The only trouble I know of that has been verified is a photographer taking deposits for prints and not delivering.  The usual cause of that is charging a real low price then running out of money before the job is done and not having the capital to eat the loss.  I've heard all kinds of stories about wedding photographers being sued, but I don't even know the name of a single bride or photographer who has been involved in any litigation.  I think a lot of the stories are made up by insurance salesmen.

The other thing is I don't think you could be successfully sued for "poor quality".  That would be too subjective.  On the other hand if somewhere in the process you "lost" all the pictures and had nothing to deliver, you may.  In all my agreements the client must agree that for whatever reason my liability is limited to money paid.


----------



## raptorman (Feb 3, 2010)

ChasK said:


> The other thing is I don't think you could be successfully sued for "poor quality".  That would be too subjective.



I know many cases where "professionals" have been succesfully sued for poor quality, why would it be any different for photographers?


----------



## ChasK (Feb 3, 2010)

Can you give me one?  Cause & case #.


----------



## c.cloudwalker (Feb 3, 2010)

Never been sued and hopefully it will remain so. But I have sued a few clients for misuse of the photos, non-payment and such things. I have had to go to court only once as every other case was resolved before it got to court.

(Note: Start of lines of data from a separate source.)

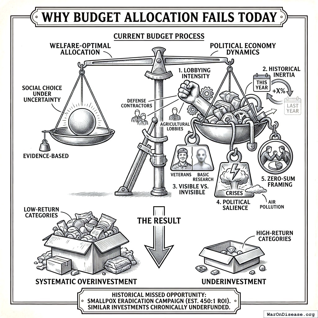 Budget allocation is fundamentally a problem of social choice under uncertainty148. The challenge is not simply technical but institutional: current budget processes systematically diverge from welfare-optimal allocations due to political economy dynamics149,150.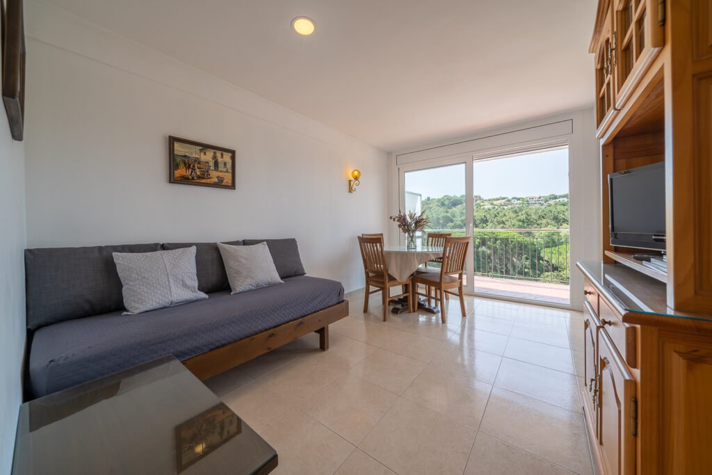 Apartamentos para 2/3 personas. Son amplios y luminosos, situados en la fachada principal del edificio, con vistas a una gran zona verde y montaña, algunos con vistas al mar. Disponen de una gran terraza privada. Se componen de una habitación doble con 2 camas, salón comedor con TV, cocina y baño con ducha. En el salón comedor hay 1 cama individual o un sofá cama para la tercera persona. La cocina dispone de los utensilios necesarios para cocinar. Hay microondas, cocina eléctrica, nevera, congelador, tostadora y cafetera italiana.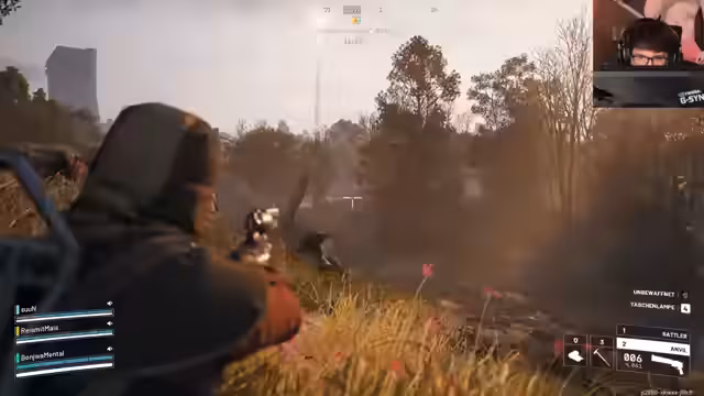01:04:05Die Spieler geraten in einen intensiven Kampf, bei dem sie einen Gegner ausschalten und anschließend einen weiteren. Ein Spieler wird dabei gedownt, kann aber wiederbelebt werden. Nach dem Gefecht diskutieren die Spieler über die Moral des Tötens anderer Spieler und ob sie ein schlechtes Gewissen haben, insbesondere wenn die Gegner kein wertvolles Equipment bei sich tragen. Es wird über das Recycling von Gegenständen gesprochen, um Platz im Inventar zu schaffen und nützliche Materialien zu gewinnen. Die Gruppe entscheidet sich, den Highground zu suchen, um eine bessere Übersicht zu erhalten und mögliche Feinde frühzeitig zu erkennen.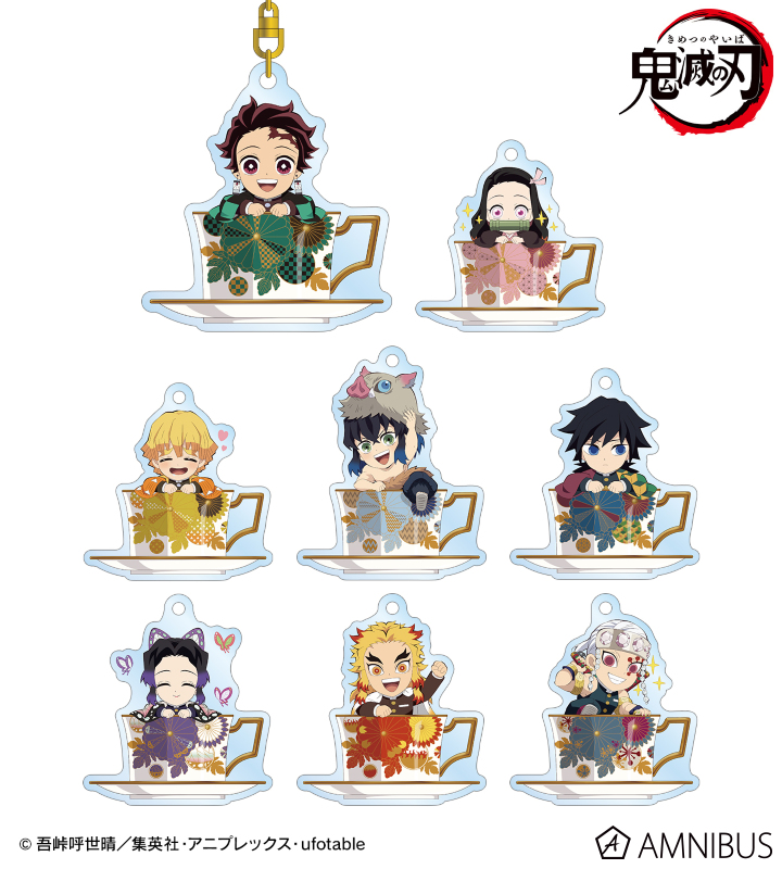 ティーカップに入った竈門炭治郎、竈門禰󠄀豆子、我妻善逸、嘴平伊之助、冨岡義勇、胡蝶しのぶ、煉󠄁獄杏寿郎、宇髄天元のufotable描き下ろしイラストのみにきゃらをアクリルキーホルダーに仕上げました。

Knowing as much of the law as possible and having the right lawyer is very important.


----------



## ChasK (Feb 3, 2010)

I'm sorry.  I misunderstood your question.  A doctor or lawyer being sued for malpractice is entirely different than "poor quality".  Not that some photographers shouldn't be sued for poor quality.  How would measure quality?  Example, I took some toddler pictures the technical quality was ok, I've shot race cars that move slower,  the expressions posing every thing was crap.  I was ashamed to show them.  I wanted to re-shoot.  The Mother & Grandmother arrived and before I could say anything they began praising the proofs to no end.  While I thought they were awful, these were the best the kid had done to that time.  Conversely I've had shots I was really proud of just to have the customer pick them apart.  So how would you measure quality?  And if you had a customer who was unhappy with your work, would you let it go until they had to sue to get a response?  Most reasonable people will come to an agreement long before it gets to lawyer land.  Unreasonable people usually don't fair very well in court.  Being sued is usually a last resort.


----------



## Johnboy2978 (Feb 3, 2010)

So how did you address that disparity in perceptions of quality where you thought they were awful and they adored them and vice versa?


----------



## ChasK (Feb 3, 2010)

Why would I, and to what end, it simply is what it is.


----------